Feature: helper functions to handle missing observations

thouska / spotpy

A Statistical Parameter Optimization Tool

https://spotpy.readthedocs.io/en/latest/

MIT License

249 stars 150 forks source link

Feature: helper functions to handle missing observations #79

Open jmp75 opened 6 years ago

jmp75 commented 6 years ago

It seems objective functions under spotpy.objectivefunctions do not handle missing values (NaN) in observations out of the box. In effect this currently results in algorithms spinning wheels with nonsense fitness values.

there should at least be a helper function to help censor modelled and corresponding observed data points out of the numpy arrays
existing objective functions could be made to censor missing data points by default,
or there should be facilities to pipeline array preprocessing into objective functions. It could get wider in scope.
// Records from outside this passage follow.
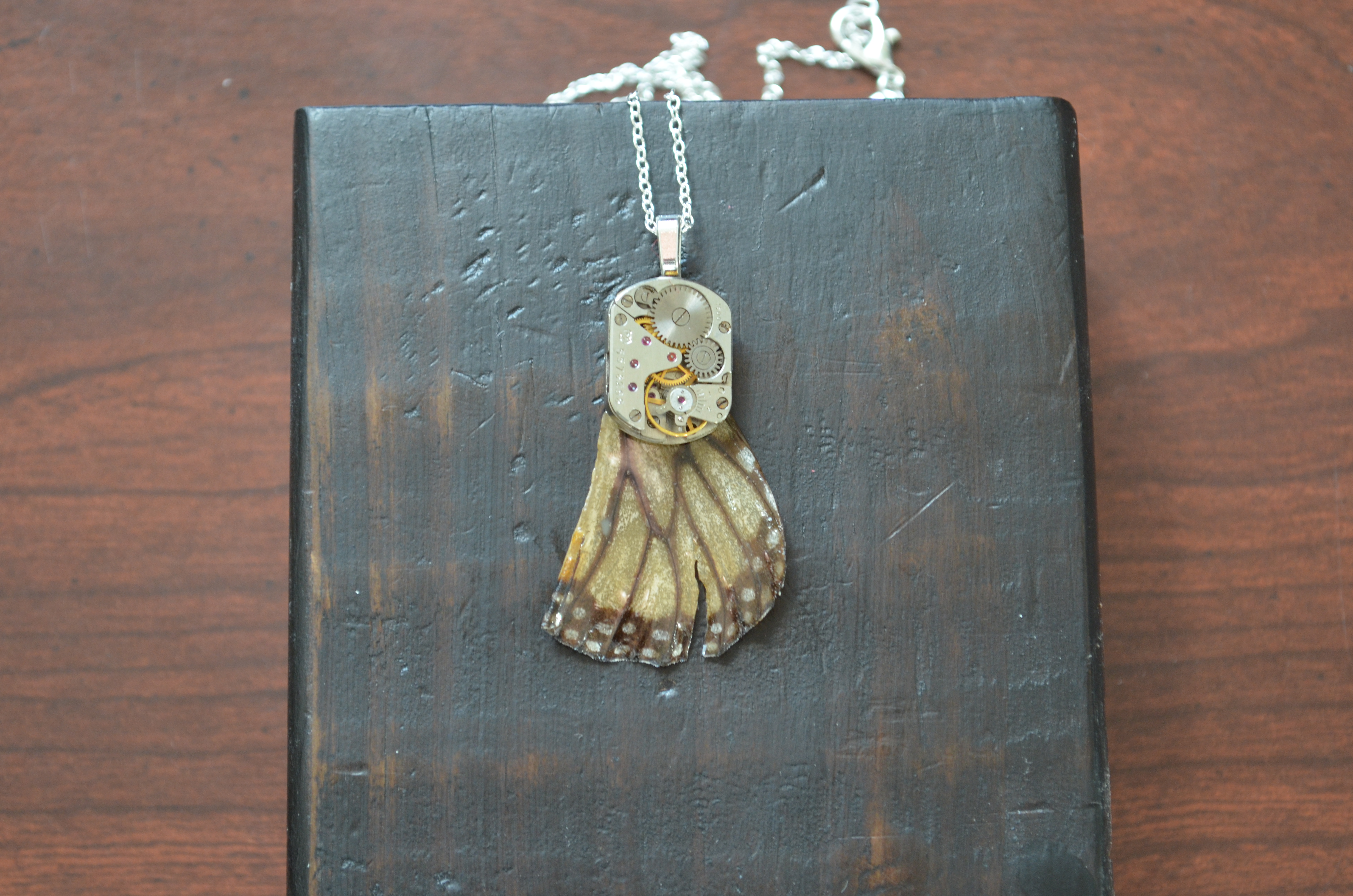 Next Previous Small watch on Monarch by antiquariancouture April 30, 2025 All Jewelry, Pendants, Uncategorized antique, butterfly, butterfly wings, industrial, jewelry, Monarch, movement, necklace, pendant, steam punk, Victorian, vintage, watch A resin coated Monarch butterfly wing has a small wrist watch movement attached to the top. This hangs with a silver plated bail and chain. Share this: Share on X (Opens in new window) X More Share on Nextdoor (Opens in new window) Nextdoor Share on Facebook (Opens in new window) Facebook Share on Bluesky (Opens in new window) Bluesky Share on Threads (Opens in new window) Threads Like Loading... Related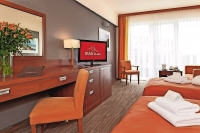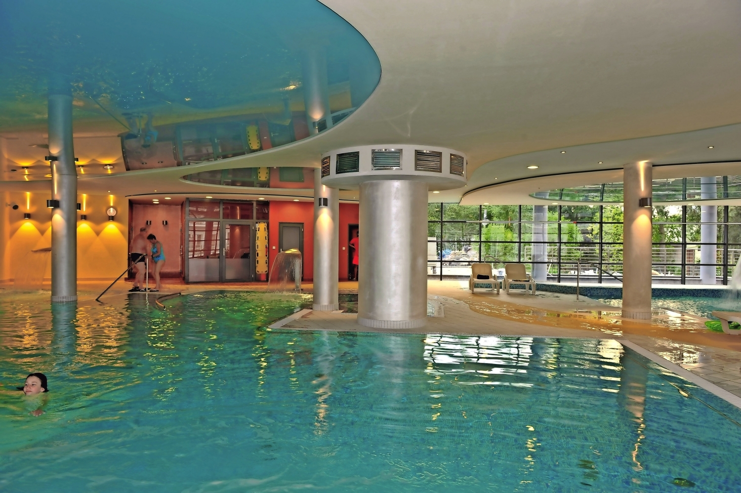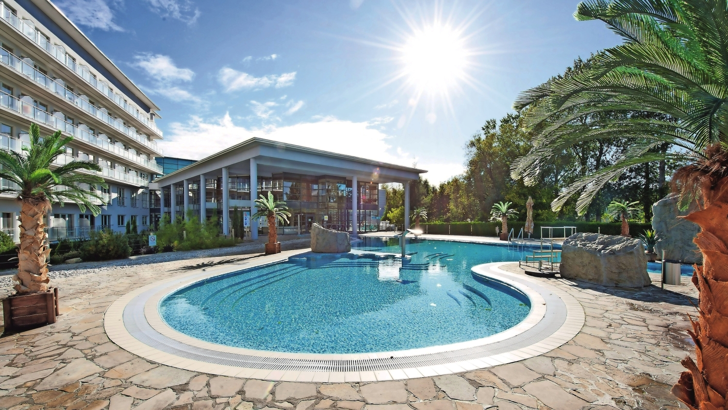 Kur und Wellness: Die Kur-Behandlungen (Massagen, Bäder, Laser- und Kryo-Therapie, Ultraschall, Sollux-Lampe, Paraffin-Umschläge und Gymnastik) werden in den hoteleigenen Behandlungsräumen durchgeführt. Zudem stehen außerhalb der Therapiezeiten ein großes Innenbecken (16 x 12 m, ca. 30°C), ein Außenbecken (geöffnet von Juli bis August), Sauna, Dampfbad, Whirlpool und ein Fitnessraum zur Verfügung. 2 Kuranwendungen pro Werktag (Mo.-Fr.) nach medizinischer Vorgabe inklusive.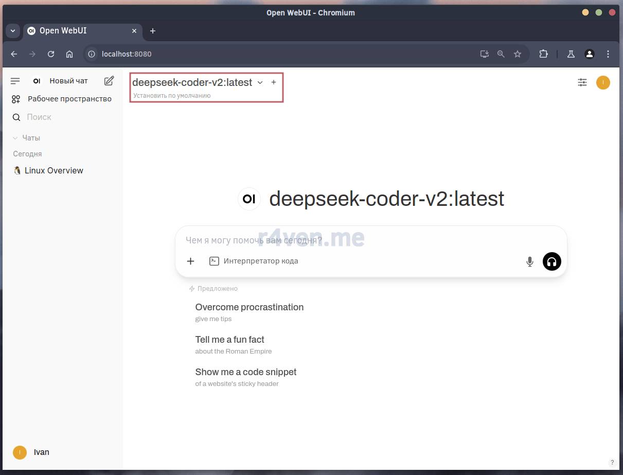 И наконец попадаем в окно чата. Как видно, UI подключился в Ollama и DeepSeek уже используется в качестве модели по умолчанию:

item (1) is a given, 2 and 3 are for discussion. I started drafting something in a fork but before investing substantial time on 2 and 3 would like a discussion.

kbstn commented 6 years ago

Hi, i had the same issue here. My idea was to make objectivefunction able to take pandas DataFrames. Until now it requests numpy arrays.

If it would be able to take pd.DataFrame we could use the advantage of having an index.

With index we could:

bring simulation and evaluation list to the same lenght and same index
dropping indices wehere evaluation contains NaN by keeping index ( df_sim = dfsim[dfsim.index.isin(dfev.index)])
access them like arrays (df_sim.values) an use them for objectivefunctions

this month i dont have time to work on this issue, just wanted to share my ideas

thouska commented 6 years ago

Thanks for your ideas. I think it is a very good idea to have a helper function in spotpy.objectivefunctions. I l like the way, how the different nans are masked and removed in the fork of @jmp75 . I think, if we build up on this, we could enable point 2, to have a exluction of missing observation data point by default. This could be activated if the given simulation and evalution lists have not the same lenght (this is checked for every objective function in line 17). Would be could, if we find a way, which does rely on pandas, in order to keep the dependencies as low as possilbe. However, Pandas support would be nice to have.

philippkraft commented 6 years ago

I've used another way to handle this in the cmf 1d example. This approach needs numpy arrays but not pandas, which is a pain to keep as a dependency.

juancastilla commented 6 years ago

I faced this issue while calibrating a groundwater model (MODFLOW) that may or may not converge depending on the parameters that are sampled by Spotpy. Whenever the model does not converge for a specific parameter set, I've added a simple if statement (if simulation == NaN) that returns "9999" or anything produces a ridiculously low likelihood. This has solved the NaN issue for me and I assume it has the added benefit of telling the sampler to steer away from regions in the parameter space where the model does not converge.

Pandas support would certainly make these issues easier to deal with and provide flexibility with plotting and managing the massive output files :)

huard commented 5 years ago

+1 for automated censoring of nans.